• Input data:
□ □ □ □ □

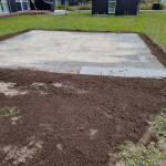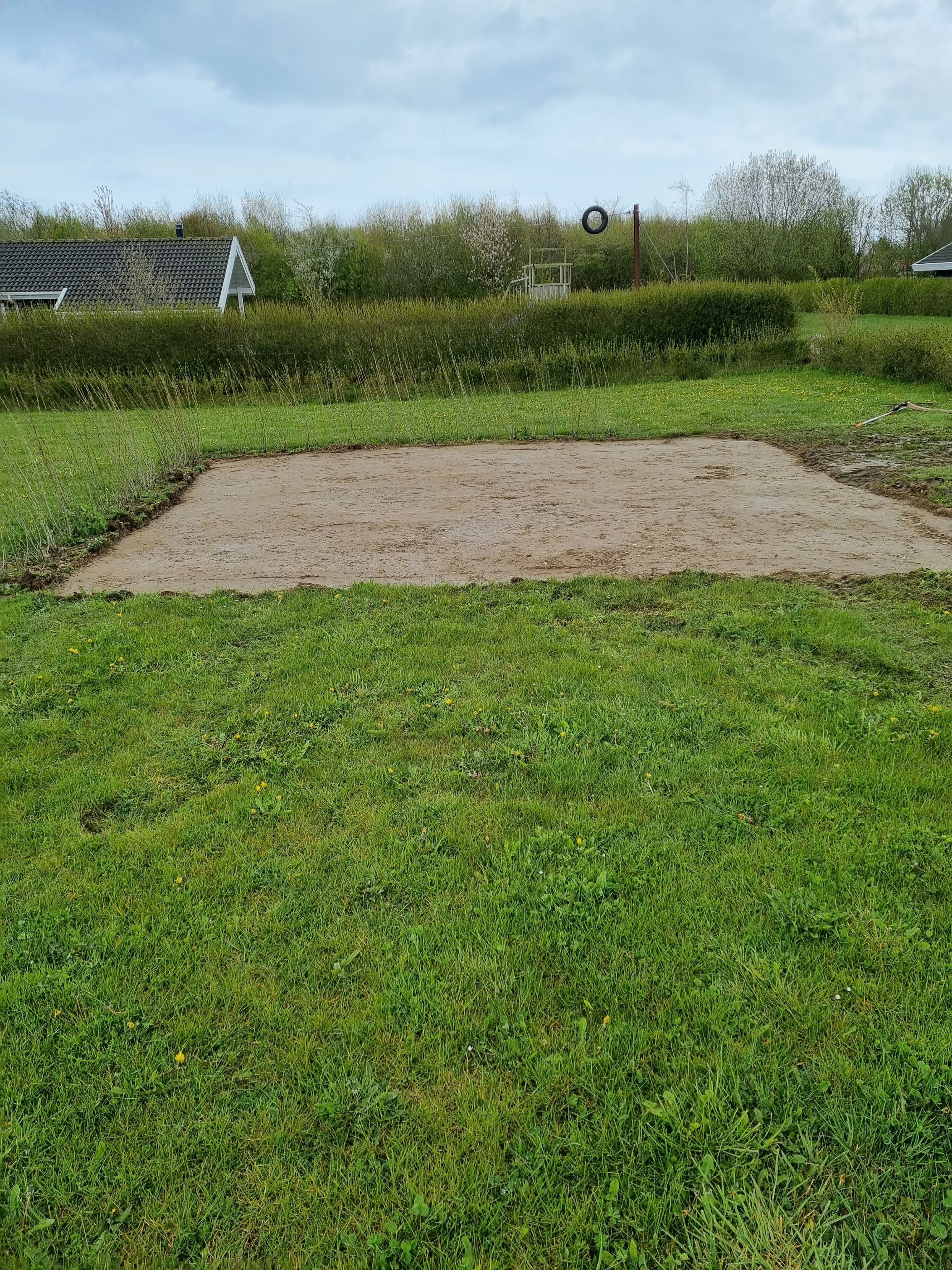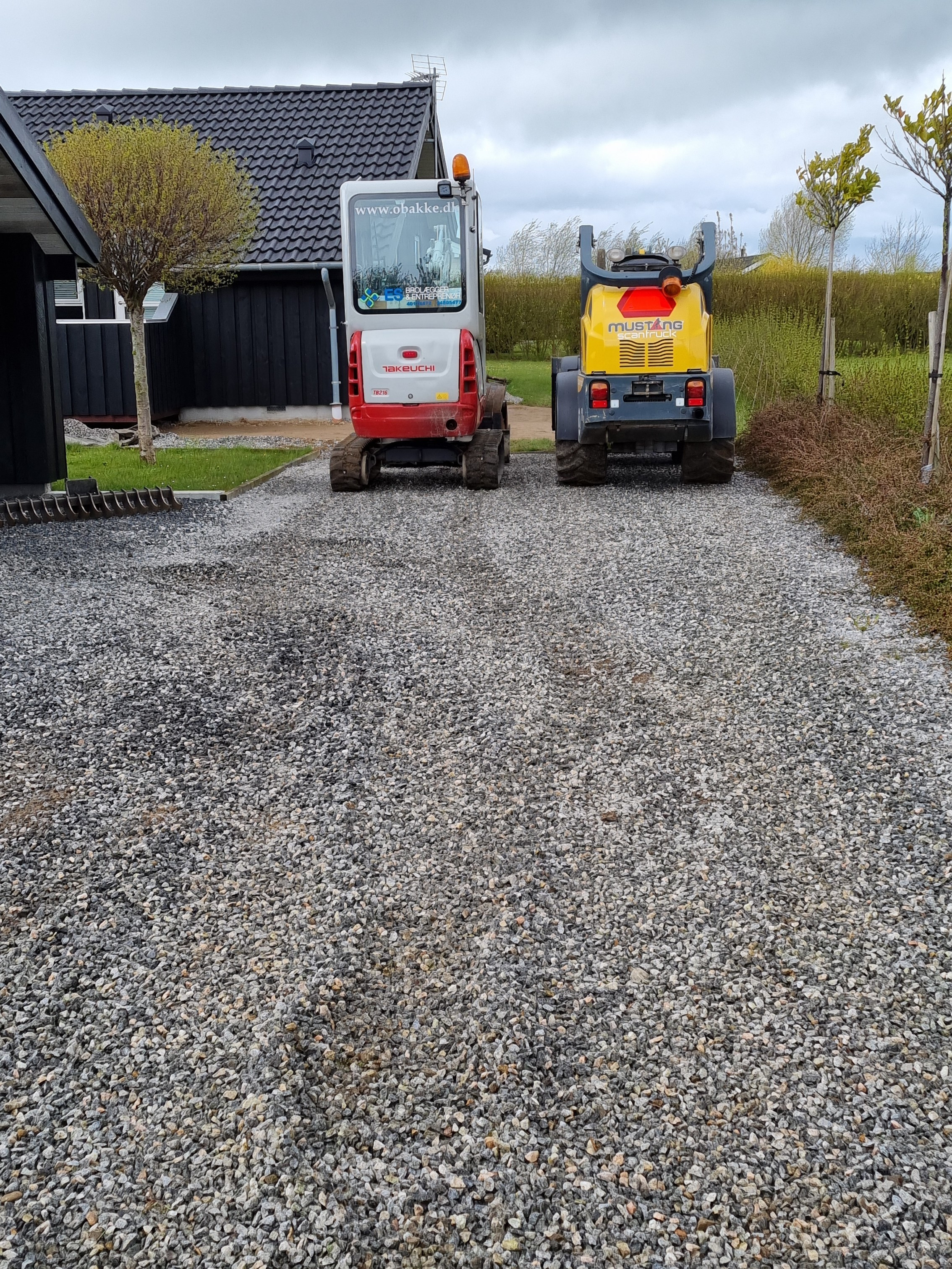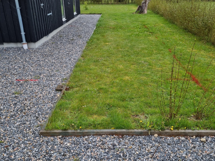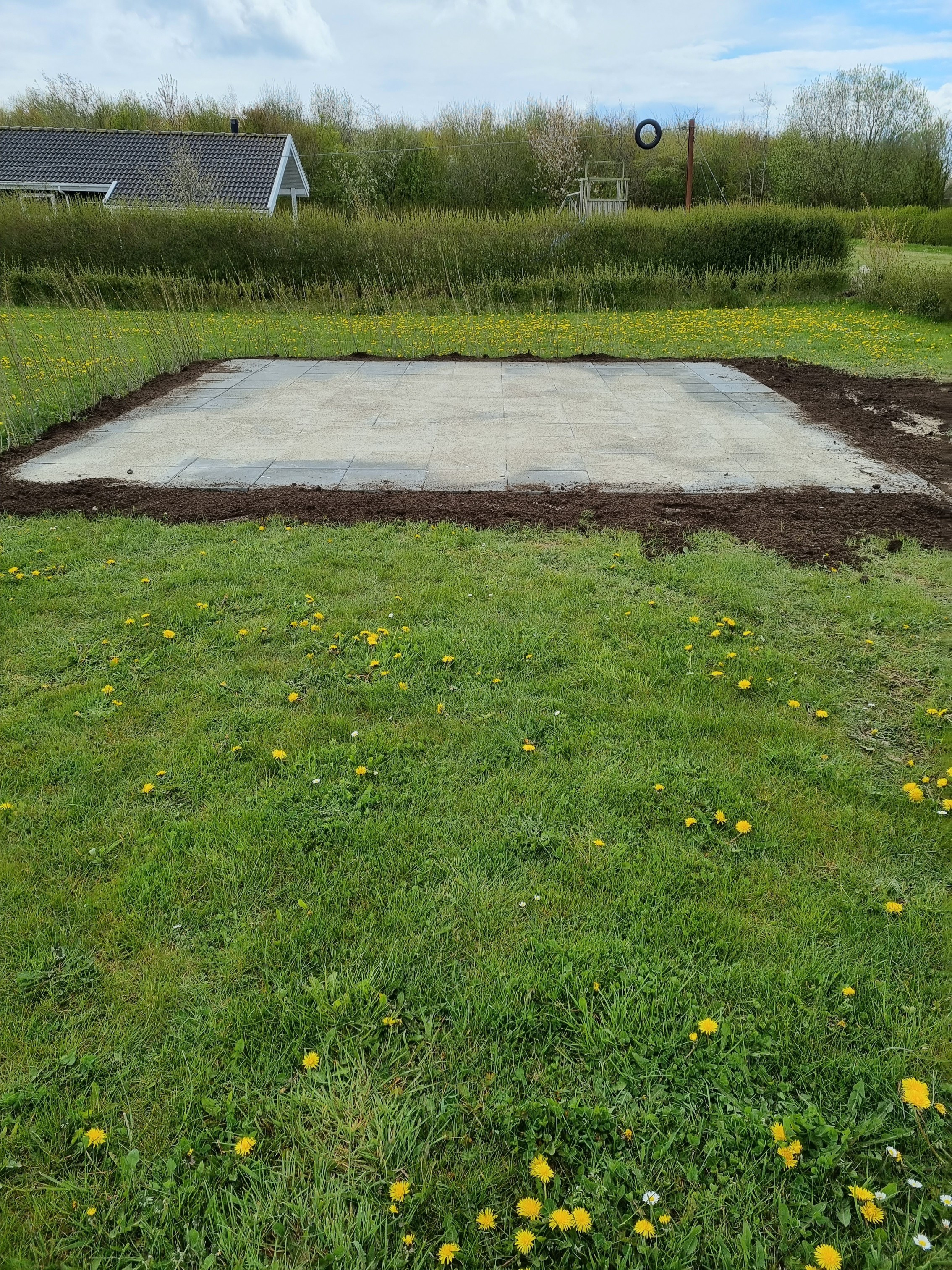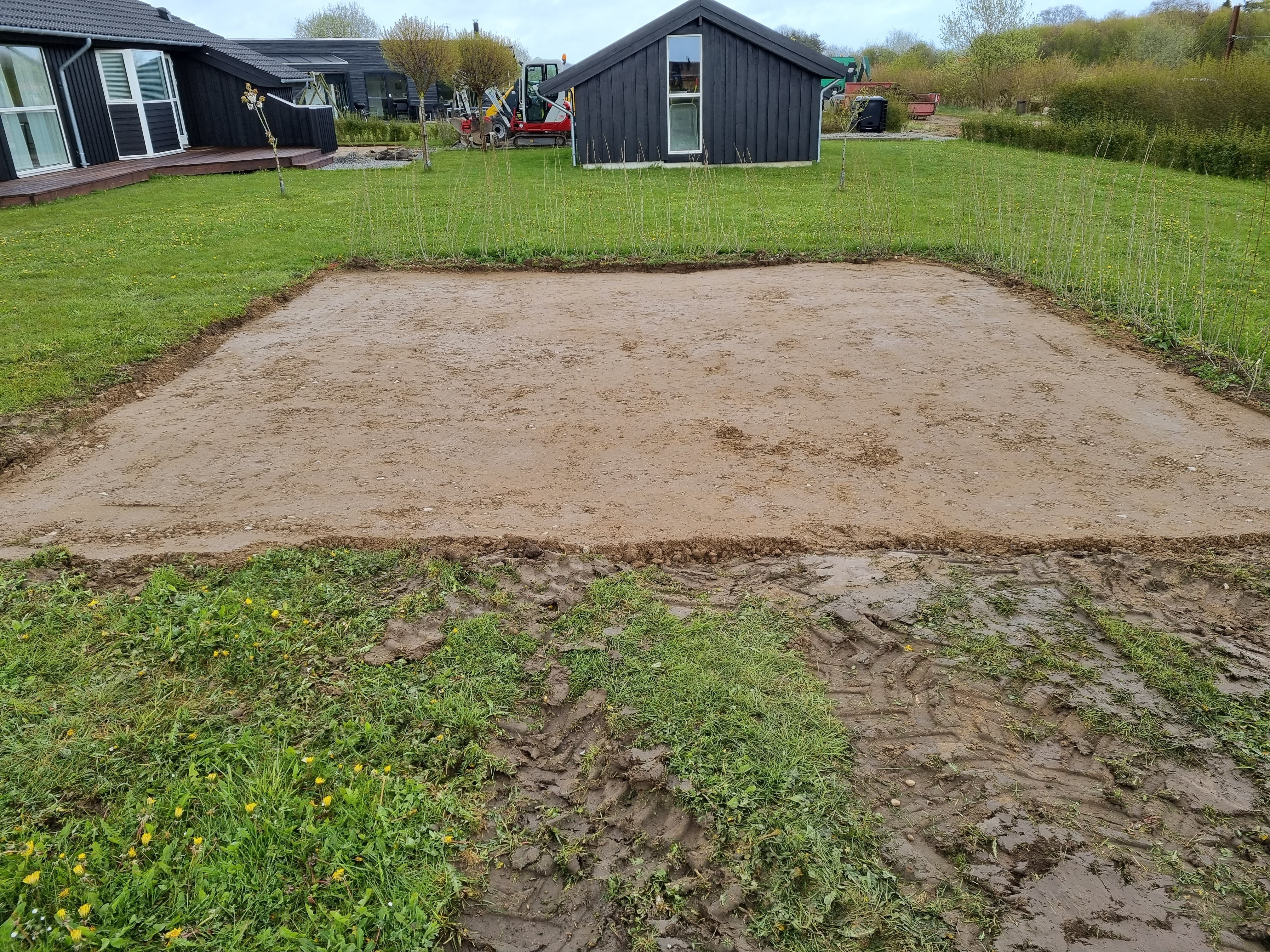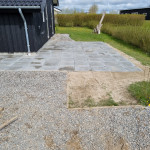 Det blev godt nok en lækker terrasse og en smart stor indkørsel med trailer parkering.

□ □ □ □ □

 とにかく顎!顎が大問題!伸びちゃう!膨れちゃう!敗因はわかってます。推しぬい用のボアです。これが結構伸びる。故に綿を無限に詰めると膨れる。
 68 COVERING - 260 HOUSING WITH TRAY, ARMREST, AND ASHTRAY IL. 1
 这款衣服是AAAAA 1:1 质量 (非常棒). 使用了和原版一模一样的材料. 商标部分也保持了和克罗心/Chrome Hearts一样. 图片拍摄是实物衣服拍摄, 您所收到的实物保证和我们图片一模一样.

□ □ □ □ □

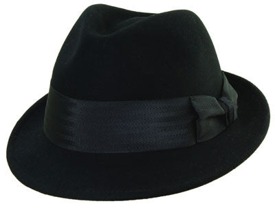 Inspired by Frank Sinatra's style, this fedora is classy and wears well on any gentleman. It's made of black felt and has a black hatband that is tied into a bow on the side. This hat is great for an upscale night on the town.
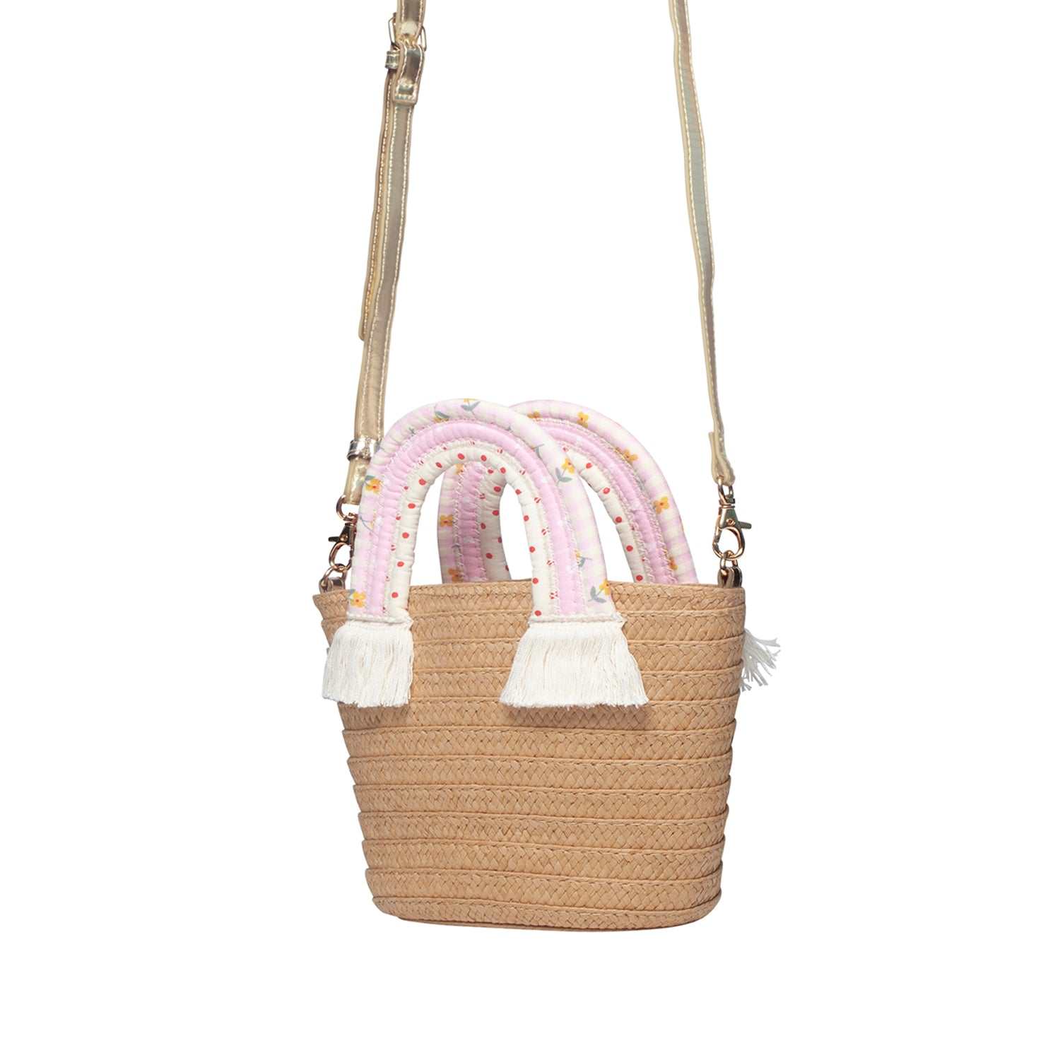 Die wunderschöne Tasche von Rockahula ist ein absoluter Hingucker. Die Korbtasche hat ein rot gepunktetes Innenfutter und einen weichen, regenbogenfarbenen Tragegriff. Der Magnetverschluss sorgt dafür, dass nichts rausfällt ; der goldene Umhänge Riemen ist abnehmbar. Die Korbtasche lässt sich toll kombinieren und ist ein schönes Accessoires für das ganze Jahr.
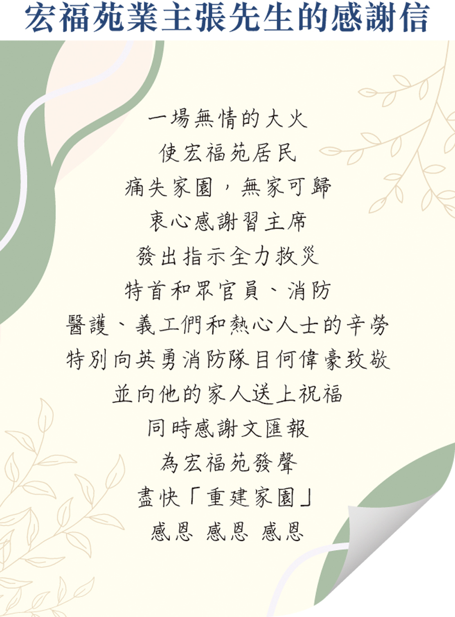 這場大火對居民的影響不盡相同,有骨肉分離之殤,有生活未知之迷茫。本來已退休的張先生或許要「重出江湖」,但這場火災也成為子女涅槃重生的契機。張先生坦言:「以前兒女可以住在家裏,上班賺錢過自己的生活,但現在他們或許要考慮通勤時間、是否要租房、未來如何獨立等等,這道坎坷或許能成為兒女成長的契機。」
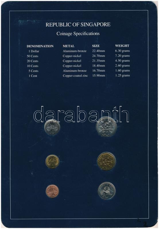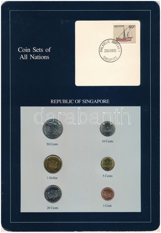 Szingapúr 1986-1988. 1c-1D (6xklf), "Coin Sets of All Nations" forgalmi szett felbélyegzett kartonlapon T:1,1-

□ □ □ □ □

• Description of the task:
From the records above, copy exactly the stretch from the line holding "Die wunderschöne Tasche" through the line holding "Szingapúr 1986-1988. 1c-1D", both ends included, without the pictures.

• Result below:
 Die wunderschöne Tasche von Rockahula ist ein absoluter Hingucker. Die Korbtasche hat ein rot gepunktetes Innenfutter und einen weichen, regenbogenfarbenen Tragegriff. Der Magnetverschluss sorgt dafür, dass nichts rausfällt ; der goldene Umhänge Riemen ist abnehmbar. Die Korbtasche lässt sich toll kombinieren und ist ein schönes Accessoires für das ganze Jahr.
 這場大火對居民的影響不盡相同,有骨肉分離之殤,有生活未知之迷茫。本來已退休的張先生或許要「重出江湖」,但這場火災也成為子女涅槃重生的契機。張先生坦言:「以前兒女可以住在家裏,上班賺錢過自己的生活,但現在他們或許要考慮通勤時間、是否要租房、未來如何獨立等等,這道坎坷或許能成為兒女成長的契機。」
 Szingapúr 1986-1988. 1c-1D (6xklf), "Coin Sets of All Nations" forgalmi szett felbélyegzett kartonlapon T:1,1-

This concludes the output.